- **Problem requirements**: Exactly the lines below starting at the line with "Crochet Christmas Angel" and ending at the line with "一方、geekのカットは毛流れとラインの構築でボリュームをコントロール。" are wanted, with both ends included. Leave out the pictures and add no other lines.

- **Provided data**:
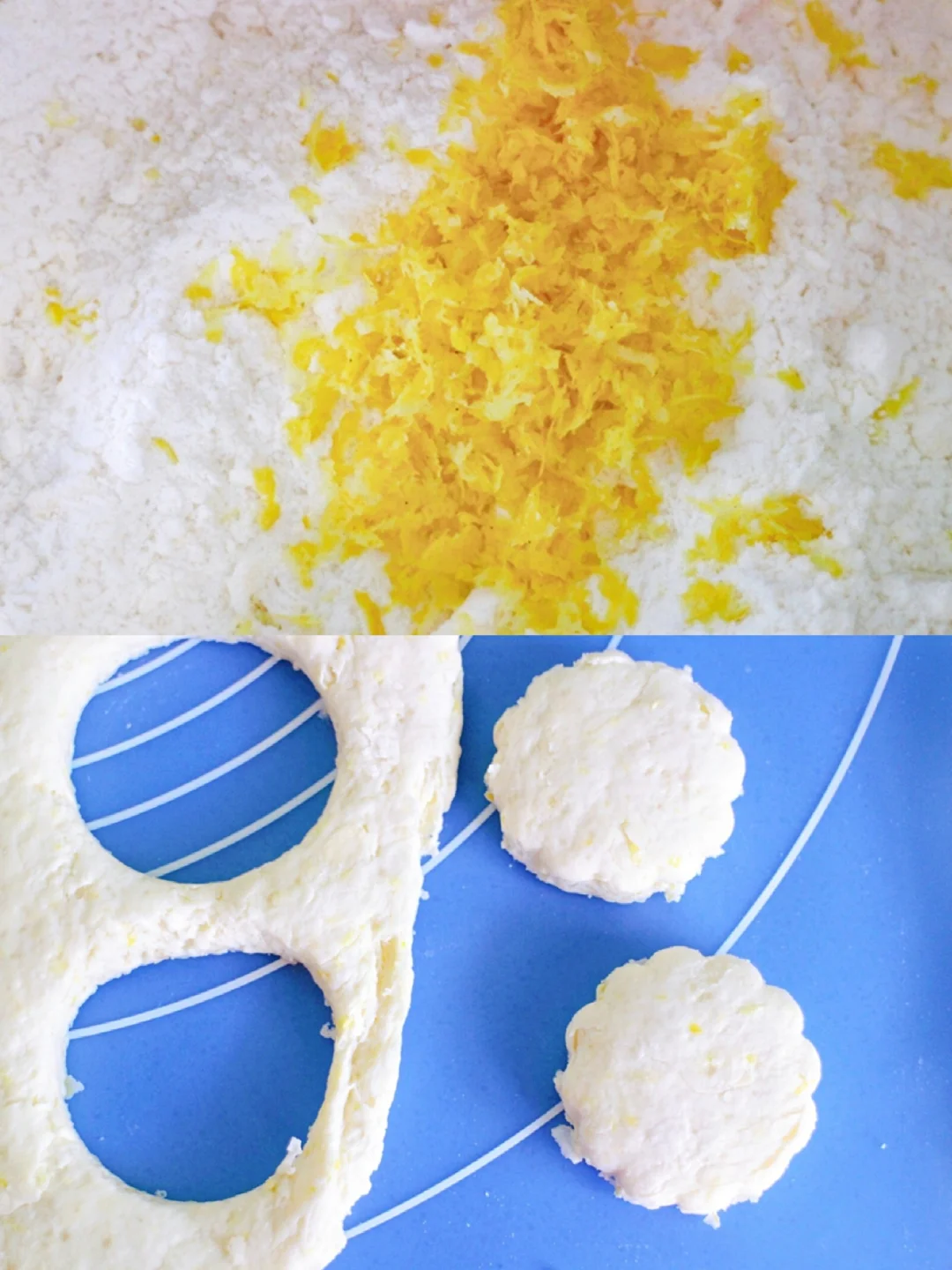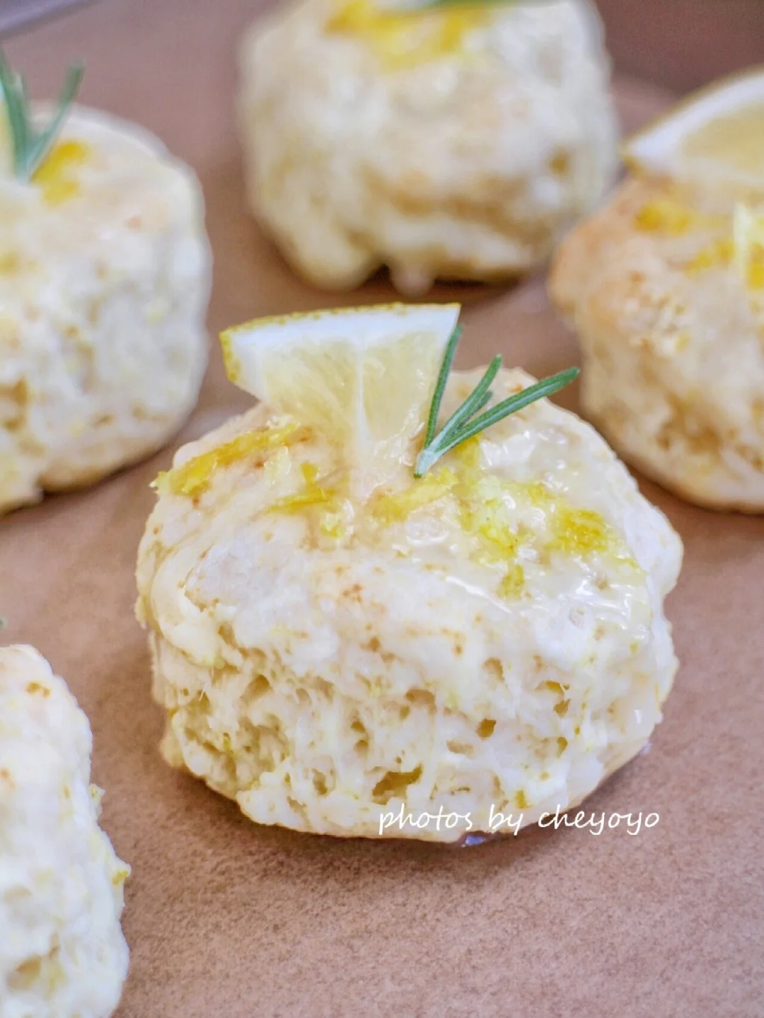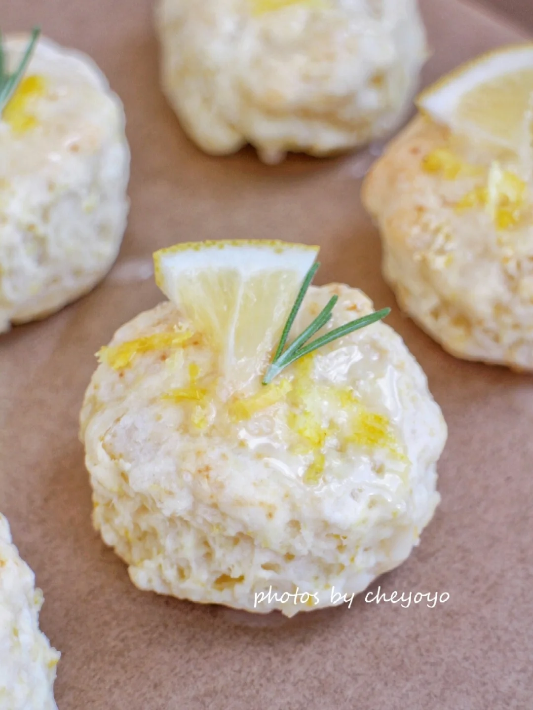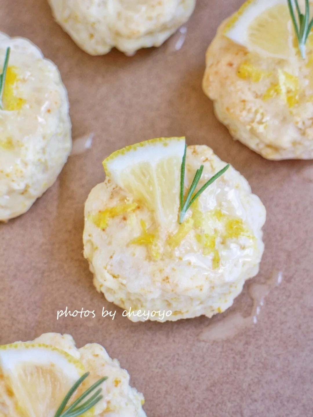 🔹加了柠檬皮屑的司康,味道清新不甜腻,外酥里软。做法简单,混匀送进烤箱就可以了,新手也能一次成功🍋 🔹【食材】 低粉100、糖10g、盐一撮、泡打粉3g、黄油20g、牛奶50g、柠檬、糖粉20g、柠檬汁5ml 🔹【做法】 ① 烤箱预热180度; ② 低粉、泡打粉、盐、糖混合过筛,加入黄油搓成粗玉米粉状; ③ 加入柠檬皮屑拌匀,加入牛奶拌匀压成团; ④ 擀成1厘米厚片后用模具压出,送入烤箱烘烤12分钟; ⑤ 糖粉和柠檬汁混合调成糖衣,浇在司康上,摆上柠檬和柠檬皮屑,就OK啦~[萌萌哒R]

...

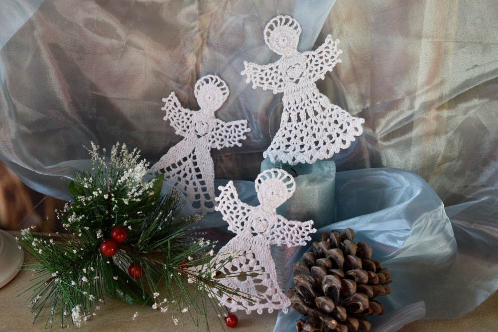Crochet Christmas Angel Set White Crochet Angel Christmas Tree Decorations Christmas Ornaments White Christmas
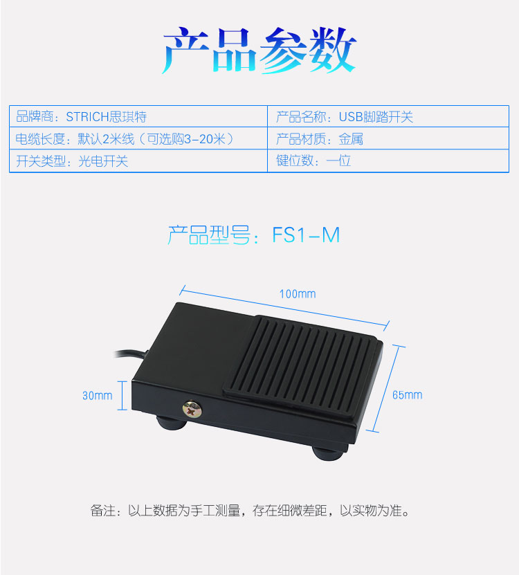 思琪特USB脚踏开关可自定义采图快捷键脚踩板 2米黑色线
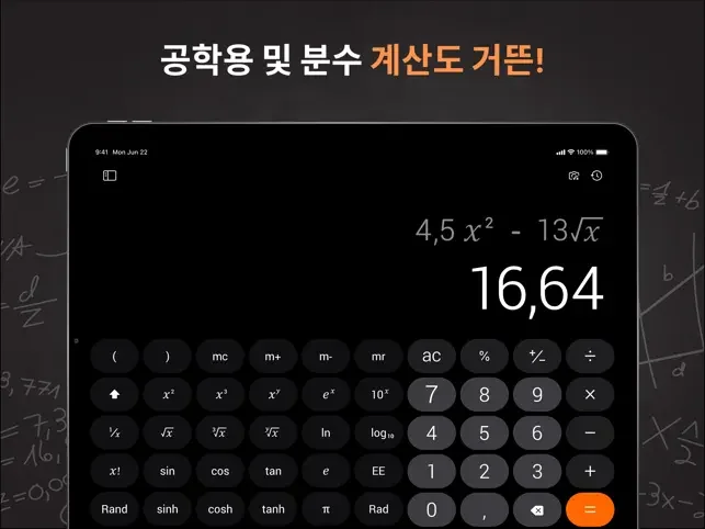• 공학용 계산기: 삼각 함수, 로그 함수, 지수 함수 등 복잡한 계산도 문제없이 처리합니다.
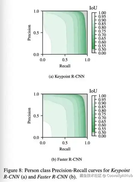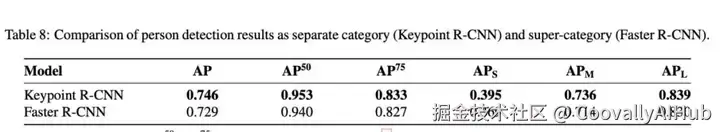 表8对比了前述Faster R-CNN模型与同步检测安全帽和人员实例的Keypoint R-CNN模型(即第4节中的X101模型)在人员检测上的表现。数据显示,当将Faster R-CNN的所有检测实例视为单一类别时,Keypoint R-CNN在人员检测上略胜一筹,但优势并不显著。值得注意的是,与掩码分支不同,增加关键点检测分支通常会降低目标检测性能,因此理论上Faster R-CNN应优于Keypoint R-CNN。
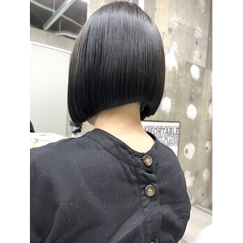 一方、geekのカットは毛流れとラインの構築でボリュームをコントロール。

--

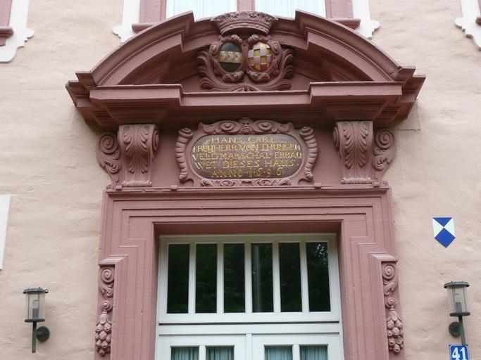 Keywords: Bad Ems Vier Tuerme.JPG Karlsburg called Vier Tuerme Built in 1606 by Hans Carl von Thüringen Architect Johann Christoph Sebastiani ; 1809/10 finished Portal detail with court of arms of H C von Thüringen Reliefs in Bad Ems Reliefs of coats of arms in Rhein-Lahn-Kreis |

- **Finished exercise**:
Crochet Christmas Angel Set White Crochet Angel Christmas Tree Decorations Christmas Ornaments White Christmas
 思琪特USB脚踏开关可自定义采图快捷键脚踩板 2米黑色线
• 공학용 계산기: 삼각 함수, 로그 함수, 지수 함수 등 복잡한 계산도 문제없이 처리합니다.
 表8对比了前述Faster R-CNN模型与同步检测安全帽和人员实例的Keypoint R-CNN模型(即第4节中的X101模型)在人员检测上的表现。数据显示,当将Faster R-CNN的所有检测实例视为单一类别时,Keypoint R-CNN在人员检测上略胜一筹,但优势并不显著。值得注意的是,与掩码分支不同,增加关键点检测分支通常会降低目标检测性能,因此理论上Faster R-CNN应优于Keypoint R-CNN。
 一方、geekのカットは毛流れとラインの構築でボリュームをコントロール。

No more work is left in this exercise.